Often family are the first to go. The writing-off process is a little different for everyone. Some of us just write people off silently over a period of time, within ever-decreasing circles of connection and affection. The death of love and affinity.
Sometimes the other person doesn’t even realize it’s happening, and often the person doing the writing off doesn’t either! But there are subtle clues (that make sense later) in how we act around them. It starts with being a little slower than usual in responding to texts or phone calls until we eventually just stop communicating and reorganize our lives to avoid them.
Of course, then there are those relationships that are killed off in an instant.
The problem with all of this is that you’re never quite seeing people for who they truly are or even who they could be. You’re seeing them only through the lens of your own conclusion. The test isn’t fair.
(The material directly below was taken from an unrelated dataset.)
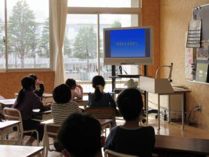 1年生は、6年生へのメッセージをみんなでビデオ撮りしたものと、6年生にメダルを渡したときの写真を編集して放送しました。全学年のメッセージを見ながら、お世話になった6年生さんが本当に卒業されるのだなと話をする子供たちもいました。

They’re set up to fail.
Don’t even get me started with how you’ve collected agreements from certain friends while huddled around your chai lattes and orange muffins or clasping your ever-so-well-branded Heineken with your crew. “But they agree that my boss is the worst!” They’re not only confirming your conclusion; it’s all fucking gossip too. While we’re at it, cut that shit out too.
Gossip is not fucking harmless or funny. You’re peddling in negative, self-righteous BS. Stop talking about other people. It’s a distraction from owning and changing your own life.
Remember, you are the nature of what you talk about.
When you indulge in gossip, you are becoming the kind of human being who gets off on throwing other human beings under the bus. You might wan
t to consider new friends or starting a revolution of bare-bones decency and engaging in the kind of talk that makes things happen rather than the kind that just shreds others in that shallow connection of human asshole-ness.
I’m also not a blind idealist here. I know people do shitty things. I am well aware that people will cheat, lie, manipulate, steal, and do whatever they feel is in their best interests, regardless of the cost. That’s not what this is about. This isn’t about payback. This isn’t about them. This is about you.
Payback? I don’t have enough time for that shit. If you’re making your life about payback, that’s NOT karma. That’s being angry and spiteful and vengeful.
Karma doesn’t take sides.
You might find that a painful discovery of your own one of these days when indulging your retribution. Resentment is a burden you bear on your own. Sure, you might make that “okay,” like all the other BS in your life, but be left in no doubt, the burden is real and it weighs you down in ways you can’t even imagine.
What’s the alternative? Well, for a start, I don’t tolerate other people’s bullshit. That’s on them. I don’t waste my life hanging onto their shit either. I’m up front, judgment-free, authentic, and open. When I say “judgment-free” I really mean that. I’m in no place to judge anyone in this life; everyone has their own choices to make. I do, however, get to say how this goes.
If you wanna hang with me, here’s the rules. If you don’t, I got it. When you’re ready, here’s where I am. If you’re never ready to play that way: Oh well. To each their own. It’s all meaningless anyway. Ten, twenty, or fifty years from now, barely anyone will even remember you were here, let alone which upsets you devoted your life to.
Whatever someone else does to you, it doesn’t mean you automatically change who you are, because when you do, you become a smaller human being. You become a lesser version of yourself when you get angry because of their anger or resentful because of their resentment.
Your love, your self-expression, are there to be broadcast to the world, not shut down, manipulated and controlled in the ruins of a once blooming friendship or relationship. Resentment is for fools and the unaware.